Rule 424(b)(3)
                                                   File No. 333-119493


                        McKENZIE BAY INTERNATIONAL, LTD.

                SUPPLEMENT TO PROSPECTUS DATED NOVEMBER 15, 2004

Our shares have been authorized for quotation on the OTC Bulletin Board..

The mailing address of our principal office has been changed to 975 Spaulding
Avenue SE, Ada, Michigan 49301

In December 2004 we granted an option for the purchase of 150,000 shares to each
of Messrs. Bakeman and Westerholm under our 2001 Employee Incentive Stock Option
Plan exercisable at $1.22 and $1.35 per share, respectively.  One-third of the
option amount of shares became immediately exercisable when the options were
granted.  An additional one-third may be acquired on or after December 6, 2005
and the remaining shares may be acquired on and after December 6, 2006.  Mr.
Bakeman's option expires on December 5, 2014 and Mr. Westerholm's option expires
on December 5, 2009.

The annual salaries of Messrs. Bakeman and Westerholm have been increased to
$200,000 and $225,000, respectively.

We intend to hire Donald C. Harms as our general counsel prior to April 2005
pursuant to a proposed three-year contract under which he will receive an annual
base salary of $175,000.  The other terms of the contract will be substantially
the same as those of the contracts with our three executive officers.  Upon Mr.
Harms' employment, he will also receive an option for the purchase of 150,000
shares similar to the option granted to Mr. Bakeman as described above.  The per
share  exercise price of Mr. Harms' option will be the market value of our
shares on the day that Mr. Harms' employment begins.
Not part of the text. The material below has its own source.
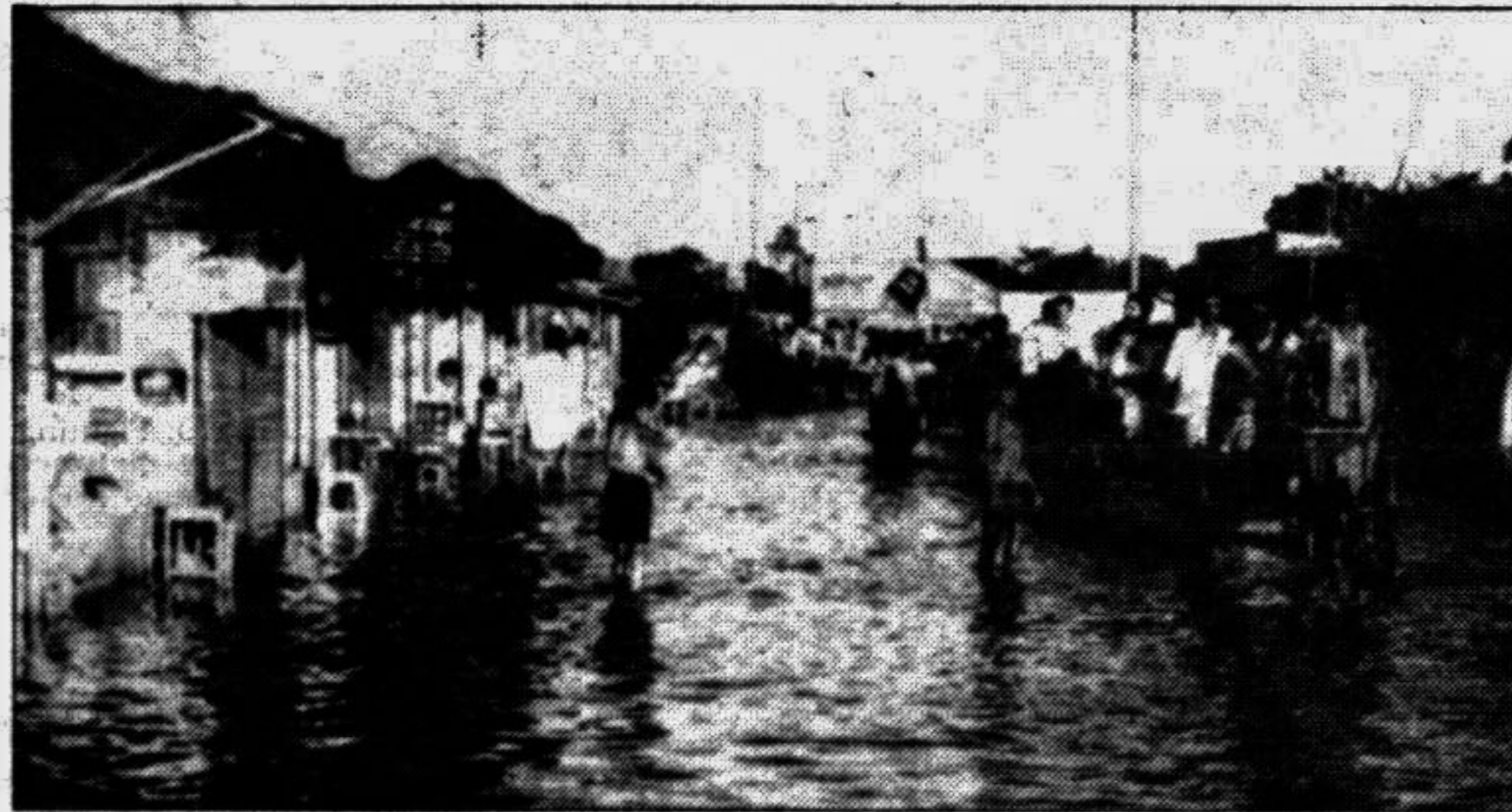
CHANDPUR: Flood waters marooned the Chandpur-Comilla road of the town.

CHANDPUR, July 19: The flood situation in Chandpur district is improving gradually. The Meghna river at Chandpur is still flowing 50 centimetres above of danger level. Seven more unions in the district were submerged raising the total number of affected unions to 57 in the district. So far five people were killed by flood, according to unofficial sources.

Beginning in December 2004, we will compensate each of the independent members
of our Board of Directors at the annual rate of $10,000 to accrue and to be paid
when the Board of Directors determines that there are sufficient funds.
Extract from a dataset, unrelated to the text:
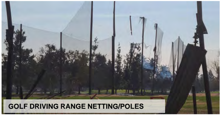
GOLF DRIVING RANGE NETTING/POLES
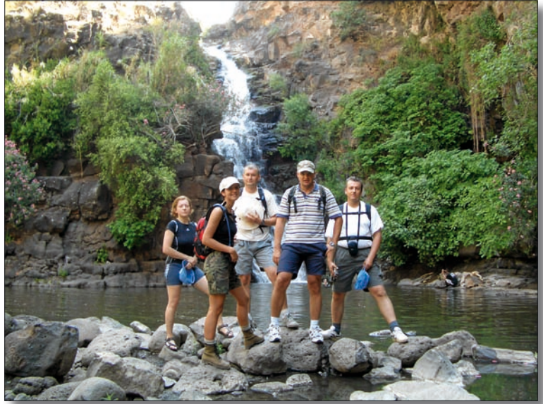
Water fall in Nature Reserve Yehudiya

enced in both duty and leisure. This "traveller" is able to organize a one day trip in a minute. His geographical as well as historical knowledge about the mission area and the Mid-

Michel Garon has become the Project Manger for Dermond Inc.  Because Lac Dore
Mining Inc. has not begun development, Mr. Garon was not being fully utilized in
his role of General Manager.  In January 2005, Mr. Garon  became the President
of Lac Dore Mining Inc. Approximately 57% of Mr. Garon's salary, per his
contract with us, will be payable by Dermond Inc., with the remainder payable by
Lac Dore Mining Inc.  If Lac Dore Mining Inc. begins development, Mr. Garon may
return to his former position.

In January 2005, Jonathan Hintz became the Vice President of Operations for
WindStor Power Co.

On January 10, 2005, we borrowed $1,000,000 from Cornell Capital Partners and
issued our promissory note to Cornell Capital Partners in that amount.  At the
same time, we placed 1,000,000 shares of common stock in escrow with an escrow
agent designated by Cornell Capital Partners and we deposited with the escrow
agent 19 requests for advances under the Standby Equity Distribution Agreement,
each in the amount of $50,000 and one such advance in the amount of $75,479.45.
The escrow agent has agreed to release the requests to Cornell Capital Partners
every seven days beginning January 17, 2005.  Upon the release of each request,
the appropriate number of our shares held in escrow will be issued to Cornell
Capital Partners.

The promissory note issued to Cornell Capital Partners bears interest at the
annual rate of 12% and is payable on or before June 4, 2005.  Proceeds from the
sale of the shares issued to Cornell Capital Partners will be utilized in
payment of outstanding amounts under the promissory note.  In the event that
during the life of the promissory note, the proceeds from the sales of the
escrowed shares are insufficient to repay all amounts due, we will immediately
place in escrow such number of additional shares of our common stock of which
the proceeds of the sale of such shares shall be sufficient to repay all amounts
due under the promissory note.  There is no limit on the number of shares we may
be required to issue to Cornell Capital Partners to satisfy our obligation under
the promissory note.  Any decline in the market price of our shares will
increase the number of shares we would otherwise be required to issue to
Cornell.

On each of February 14, 2005 and March 14, 2005 we borrowed an additional
$1,000,000 from Cornell Capital Partners under the same terms and conditions,
except that the weekly advances will begin June 6, 2005 and the promissory notes
are payable on or before October 17, 2005 and October 21, 2005, respectively.
The share escrow with respect to the loans consists of 2,000,000 shares and
1,000,000 shares, respectively.

On January 10, 2005, we entered into a consulting agreement with Stone Street
Advisors, LLC. under which Stone Street will provide advisory services to us
with regard to various types of financial arrangements, including, equity line
of credit financing, debt financing, other forms of direct investment in us and
general corporate matters.  The agreement with Stone Street provides that we
will pay an amount as agreed upon in the future.  We have paid Stone Street an
aggregate of $75,000 from the proceeds we have received from Cornell Capital
Partners in connection with the three  promissory notes. If we engage in any
more funding transactions with Cornell Capital Partners outside of the scope of
the Standby Equity Distribution Agreement, we anticipate that we will compensate
Stone Street at a similar rate. The initial term of the agreement is for a
period of one year.  Thereafter, unless previously terminated, and neither party
has given notice of termination, the agreement will be automatically renewed for
successive one year periods.  Either party may terminate the agreement without
cause by giving written notice of termination to the other party.  Stone Street
is an affiliate of and is under common control with Cornell Capital Partners.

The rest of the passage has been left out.